State is in danger of being ripped apart
It is now almost three years since Ali Abdullah Saleh, Yemens president of three decades, finally agreed to step down after a year of street protests, brutal retaliation from the state and regime in-fighting that threatened to tip the Arab worlds poorest state into civil war.
Since then, the Yemen Model for transition to democracy has been hailed as a template for similarly fragile, conflict-riven states. But now, protest camps belonging to the Houthis, a revivalist movement for the Zaydi form of Shia Islam that is unique to the north of Yemen, are springing up in and around the capital.
With fighting between that group, Sunni Islamist and tribal militias and, of late, Yemens armed forces, moving beyond the outskirts of the capital Sanaa, Yemens peace plan is quickly unravelling.
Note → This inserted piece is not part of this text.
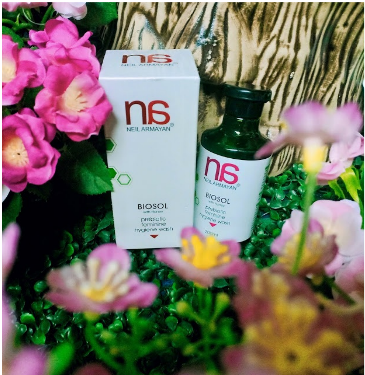
BIOSOL Prebiotic Feminine Hygiene Wash with Honey

Usah dikecewakan lagi oleh bau dan kesihatan bahagian intim yang kurang sempurna kerana penyelesaiannya sangat mudah. Alami pembaharuan menyeluruh, keriang dan semangat baru daripada kulit bahagian intim anda yang lembut dan licin.

If the transition does come to a sticky end, it will be because too much attention has been paid to Yemens future, and not enough to its present.
The motives of the Houthis, who fought six wars in six years with the Saleh regime before taking a rapidly growing role in national politics after his removal, remain unclear. Their complaints, however of a corrupt, weak, government that has overseen a collapse in service provision and done little to improve an economy devastated by the events of 2011 ring true to many Yemenis.
If the Houthis were not using these issues to promote their cause, another group surely would.
Yemens government, including president Abdrabbu Mansour al-Hadi, has ignored the day-to-day needs of the people of Yemen, trading on the promise of a better future, for too long. If a civil war can be averted, Al-Hadi must prioritise present needs more or he will soon face the same problem.